- Opening Delimiter -

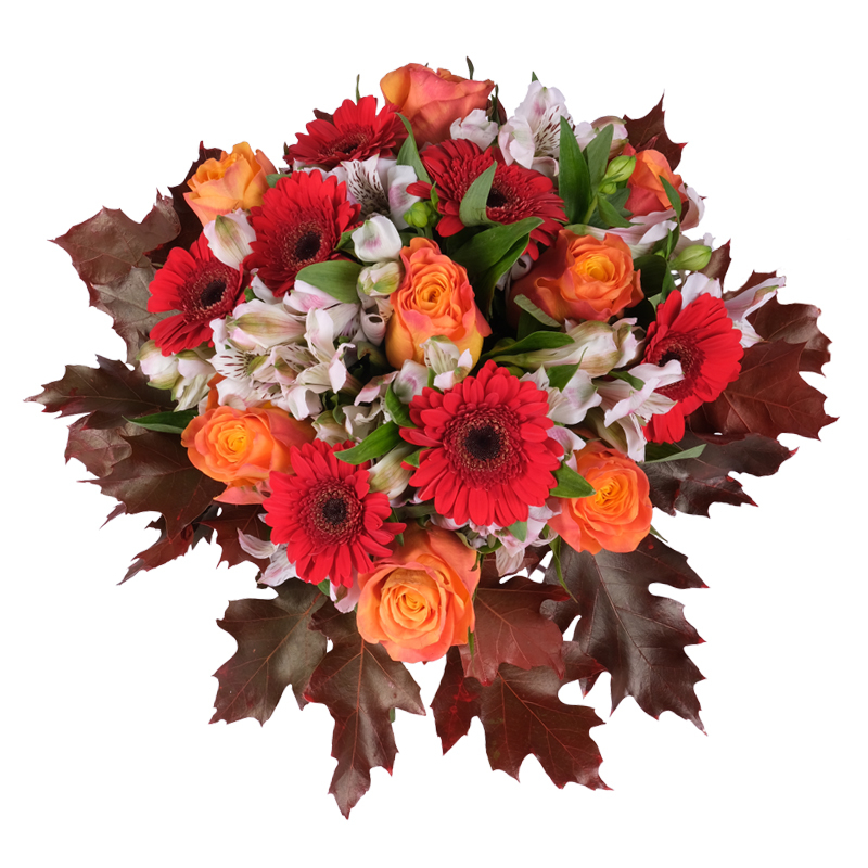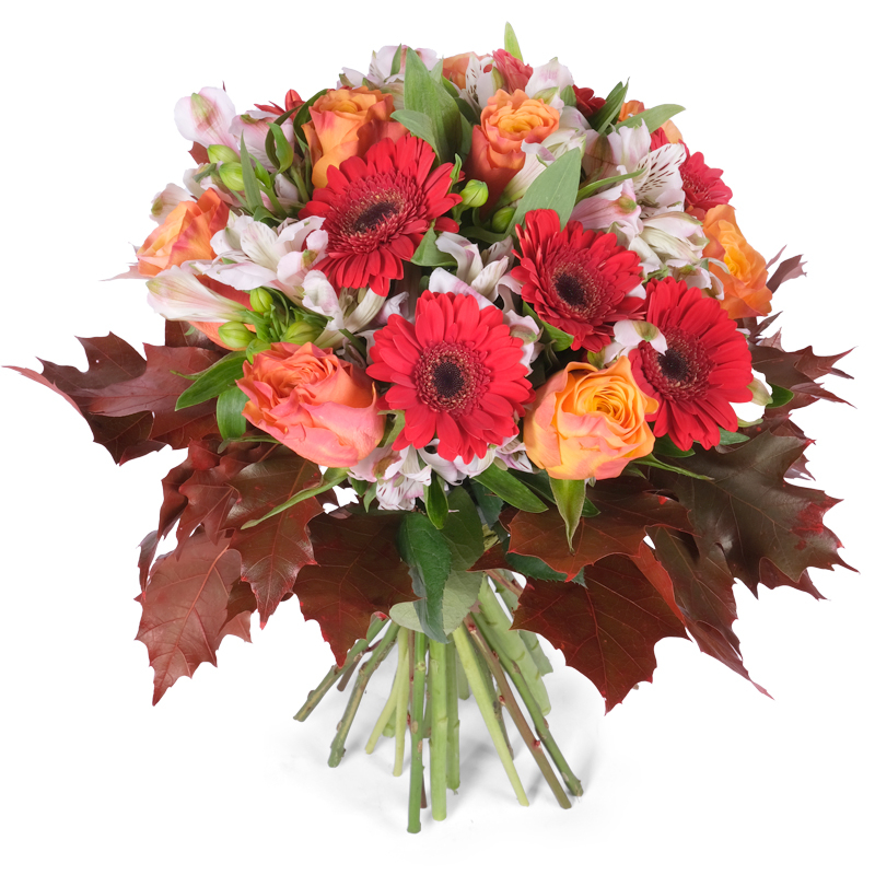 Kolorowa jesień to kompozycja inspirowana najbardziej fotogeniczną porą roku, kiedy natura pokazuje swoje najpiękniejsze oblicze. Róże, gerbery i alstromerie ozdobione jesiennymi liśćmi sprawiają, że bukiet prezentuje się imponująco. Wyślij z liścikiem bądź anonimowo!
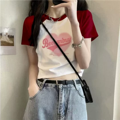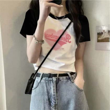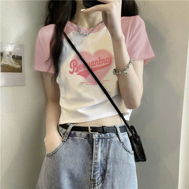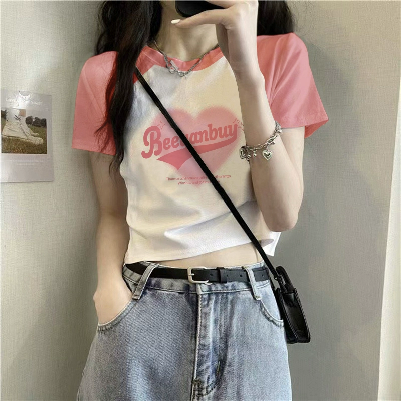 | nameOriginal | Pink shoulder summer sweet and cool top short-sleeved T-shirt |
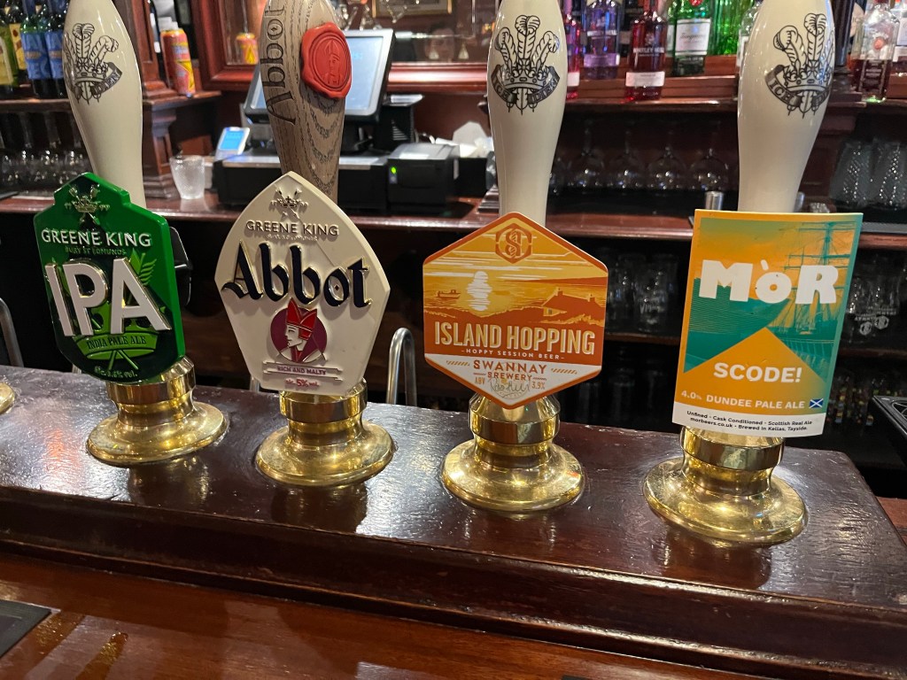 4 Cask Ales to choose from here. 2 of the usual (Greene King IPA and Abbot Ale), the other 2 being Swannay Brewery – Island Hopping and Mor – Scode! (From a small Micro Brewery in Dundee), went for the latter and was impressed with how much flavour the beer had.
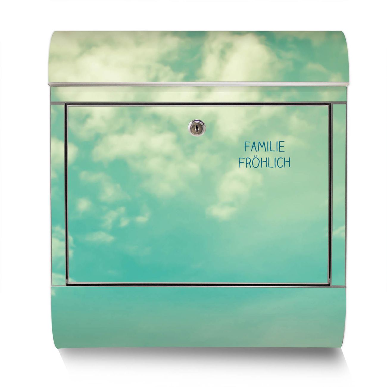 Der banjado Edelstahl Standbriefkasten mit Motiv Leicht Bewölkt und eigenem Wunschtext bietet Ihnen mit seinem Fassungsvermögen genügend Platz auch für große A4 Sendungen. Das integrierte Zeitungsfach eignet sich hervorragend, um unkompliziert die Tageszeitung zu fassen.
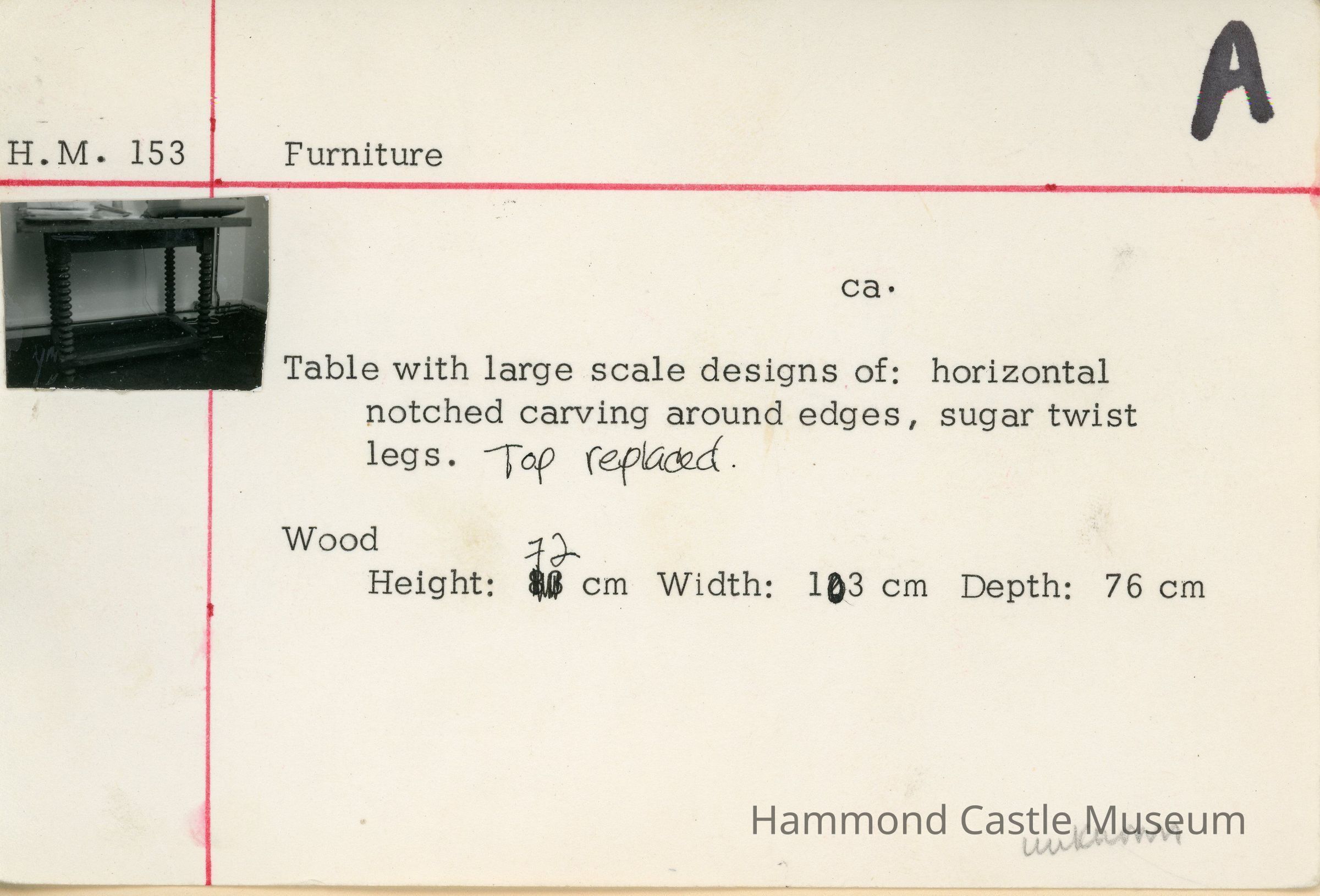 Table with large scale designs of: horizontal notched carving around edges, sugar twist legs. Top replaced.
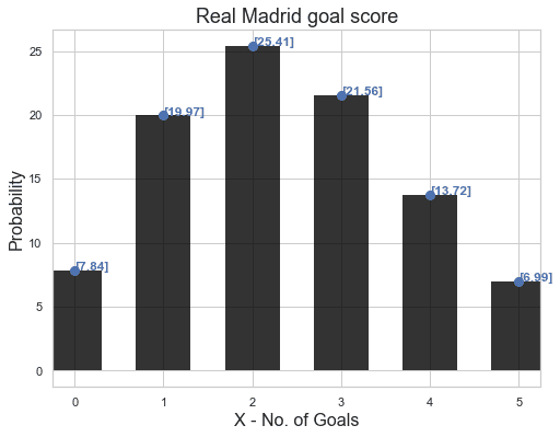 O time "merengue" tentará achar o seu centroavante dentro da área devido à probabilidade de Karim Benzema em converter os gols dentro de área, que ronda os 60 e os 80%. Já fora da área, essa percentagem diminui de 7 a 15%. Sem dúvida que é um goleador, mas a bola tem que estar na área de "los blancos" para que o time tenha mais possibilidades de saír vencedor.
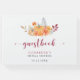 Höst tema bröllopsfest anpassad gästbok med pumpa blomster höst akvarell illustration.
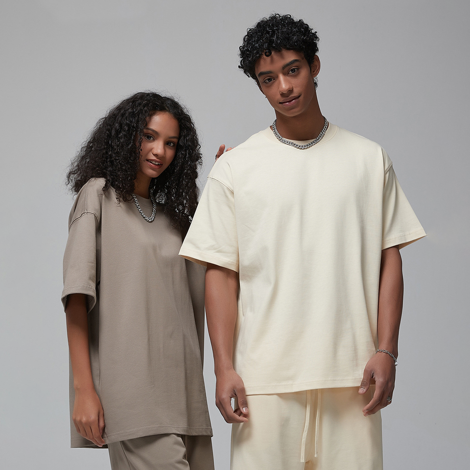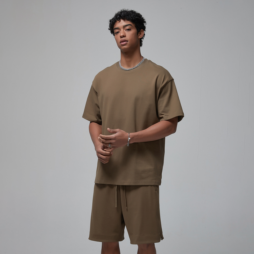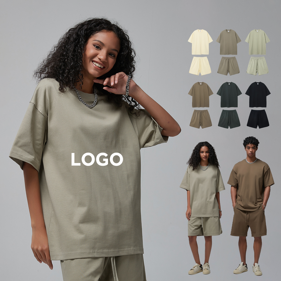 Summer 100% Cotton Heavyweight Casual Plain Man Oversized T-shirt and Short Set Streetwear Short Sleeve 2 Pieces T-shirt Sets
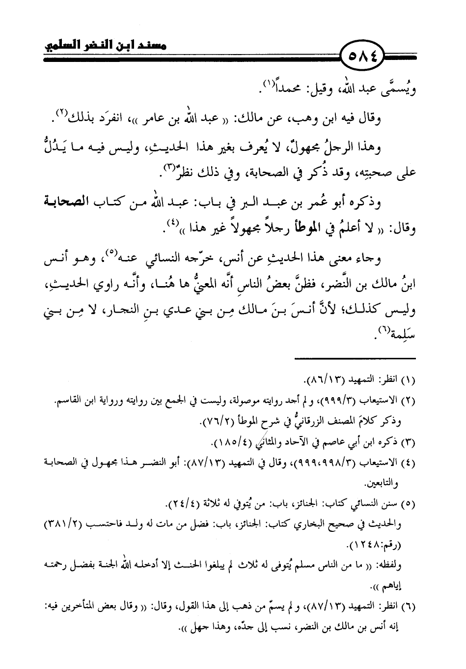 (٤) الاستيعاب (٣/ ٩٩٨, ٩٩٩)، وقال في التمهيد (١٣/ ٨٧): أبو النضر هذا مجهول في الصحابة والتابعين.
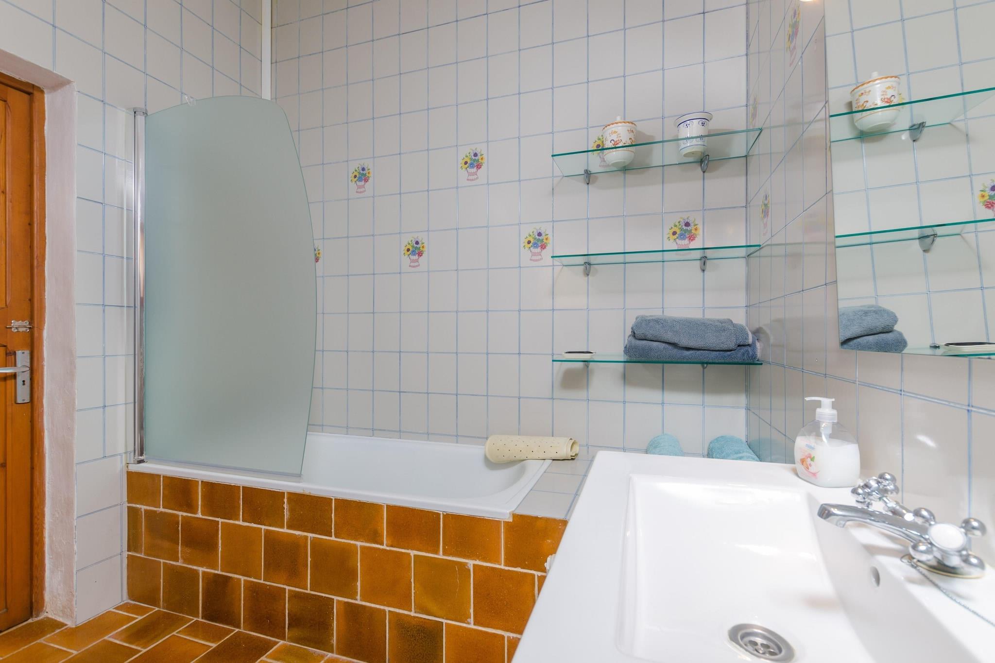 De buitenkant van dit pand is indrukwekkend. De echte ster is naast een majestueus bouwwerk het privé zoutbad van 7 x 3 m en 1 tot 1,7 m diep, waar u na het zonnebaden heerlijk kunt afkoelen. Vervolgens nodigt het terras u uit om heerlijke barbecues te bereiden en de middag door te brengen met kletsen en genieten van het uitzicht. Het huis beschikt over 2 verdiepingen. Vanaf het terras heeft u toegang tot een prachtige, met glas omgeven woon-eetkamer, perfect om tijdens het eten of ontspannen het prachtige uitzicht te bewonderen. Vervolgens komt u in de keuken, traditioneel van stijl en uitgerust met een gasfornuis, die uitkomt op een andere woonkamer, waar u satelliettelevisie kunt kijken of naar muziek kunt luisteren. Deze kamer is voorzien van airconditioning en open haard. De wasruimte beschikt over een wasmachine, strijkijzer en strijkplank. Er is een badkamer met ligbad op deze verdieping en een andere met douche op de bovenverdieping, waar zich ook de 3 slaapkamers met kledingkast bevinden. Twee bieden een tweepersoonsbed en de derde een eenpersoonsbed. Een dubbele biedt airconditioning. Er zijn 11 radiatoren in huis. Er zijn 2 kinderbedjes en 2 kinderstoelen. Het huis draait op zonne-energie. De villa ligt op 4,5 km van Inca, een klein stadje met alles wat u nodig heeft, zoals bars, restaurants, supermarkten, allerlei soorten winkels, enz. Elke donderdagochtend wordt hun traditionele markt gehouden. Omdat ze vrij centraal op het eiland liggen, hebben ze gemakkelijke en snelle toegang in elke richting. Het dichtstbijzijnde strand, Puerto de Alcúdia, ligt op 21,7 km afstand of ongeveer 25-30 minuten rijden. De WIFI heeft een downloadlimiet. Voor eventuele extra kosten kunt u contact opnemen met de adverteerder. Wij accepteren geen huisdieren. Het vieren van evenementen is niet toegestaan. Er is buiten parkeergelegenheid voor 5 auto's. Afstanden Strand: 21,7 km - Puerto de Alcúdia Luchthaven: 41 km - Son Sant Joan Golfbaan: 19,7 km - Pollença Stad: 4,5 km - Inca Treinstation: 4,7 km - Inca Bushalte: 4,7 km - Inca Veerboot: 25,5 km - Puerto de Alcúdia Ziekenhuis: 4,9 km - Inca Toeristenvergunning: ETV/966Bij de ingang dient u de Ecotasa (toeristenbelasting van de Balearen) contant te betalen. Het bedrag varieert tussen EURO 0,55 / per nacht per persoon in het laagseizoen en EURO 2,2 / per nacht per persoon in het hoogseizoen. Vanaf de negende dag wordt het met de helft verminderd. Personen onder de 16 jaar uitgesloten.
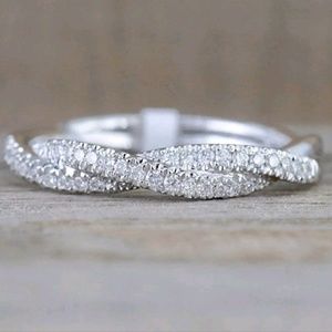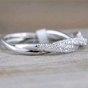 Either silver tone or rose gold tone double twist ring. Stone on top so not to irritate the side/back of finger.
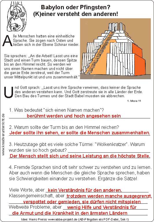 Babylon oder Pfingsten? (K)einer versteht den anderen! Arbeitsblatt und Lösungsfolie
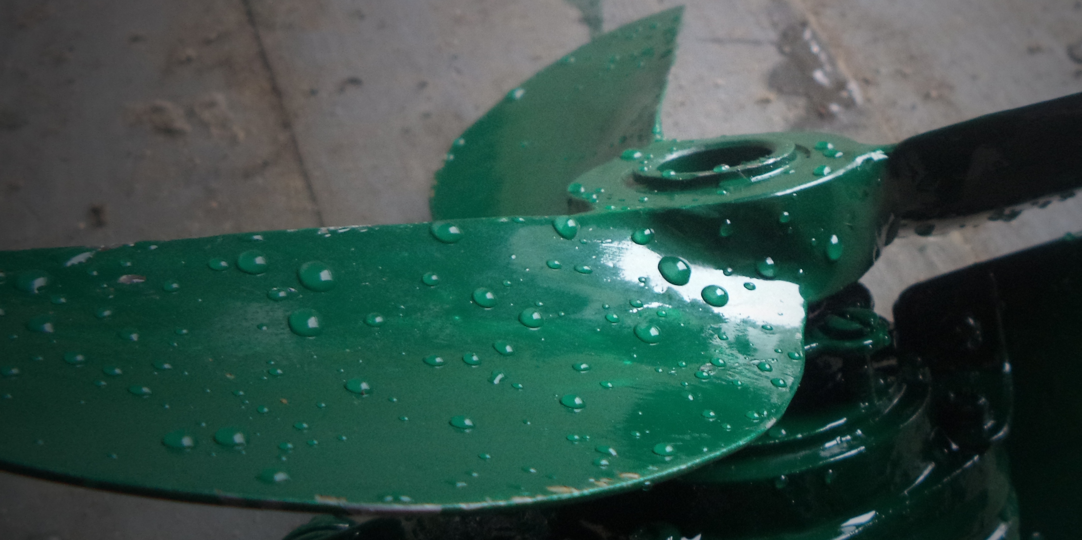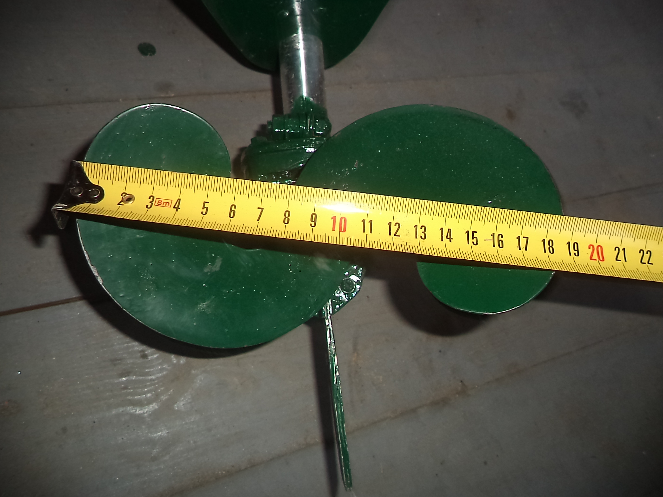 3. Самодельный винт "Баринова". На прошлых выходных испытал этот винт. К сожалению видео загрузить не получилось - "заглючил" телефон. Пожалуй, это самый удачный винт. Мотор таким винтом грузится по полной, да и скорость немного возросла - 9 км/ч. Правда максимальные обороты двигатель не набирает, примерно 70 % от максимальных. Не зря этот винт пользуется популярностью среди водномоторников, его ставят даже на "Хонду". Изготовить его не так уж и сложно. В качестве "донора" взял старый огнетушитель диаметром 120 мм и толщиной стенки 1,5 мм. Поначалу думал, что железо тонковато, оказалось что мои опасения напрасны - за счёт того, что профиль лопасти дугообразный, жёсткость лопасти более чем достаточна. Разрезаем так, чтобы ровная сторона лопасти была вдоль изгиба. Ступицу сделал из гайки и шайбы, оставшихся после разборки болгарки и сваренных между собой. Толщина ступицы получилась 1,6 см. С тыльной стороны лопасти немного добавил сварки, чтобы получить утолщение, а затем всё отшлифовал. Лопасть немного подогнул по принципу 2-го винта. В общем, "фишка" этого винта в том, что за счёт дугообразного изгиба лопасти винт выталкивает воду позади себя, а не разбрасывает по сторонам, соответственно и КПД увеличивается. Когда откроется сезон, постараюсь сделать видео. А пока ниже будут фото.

- Closing Delimiter -

Work task :: Since the pictures are not part of the copy, please transcribe only the lines above from the one with "Der banjado Edelstahl" through the one with "(٤) الاستيعاب (٣/", exactly and with both ends.

Task output ::
 Der banjado Edelstahl Standbriefkasten mit Motiv Leicht Bewölkt und eigenem Wunschtext bietet Ihnen mit seinem Fassungsvermögen genügend Platz auch für große A4 Sendungen. Das integrierte Zeitungsfach eignet sich hervorragend, um unkompliziert die Tageszeitung zu fassen.
 Table with large scale designs of: horizontal notched carving around edges, sugar twist legs. Top replaced.
 O time "merengue" tentará achar o seu centroavante dentro da área devido à probabilidade de Karim Benzema em converter os gols dentro de área, que ronda os 60 e os 80%. Já fora da área, essa percentagem diminui de 7 a 15%. Sem dúvida que é um goleador, mas a bola tem que estar na área de "los blancos" para que o time tenha mais possibilidades de saír vencedor.
 Höst tema bröllopsfest anpassad gästbok med pumpa blomster höst akvarell illustration.
 Summer 100% Cotton Heavyweight Casual Plain Man Oversized T-shirt and Short Set Streetwear Short Sleeve 2 Pieces T-shirt Sets
 (٤) الاستيعاب (٣/ ٩٩٨, ٩٩٩)، وقال في التمهيد (١٣/ ٨٧): أبو النضر هذا مجهول في الصحابة والتابعين.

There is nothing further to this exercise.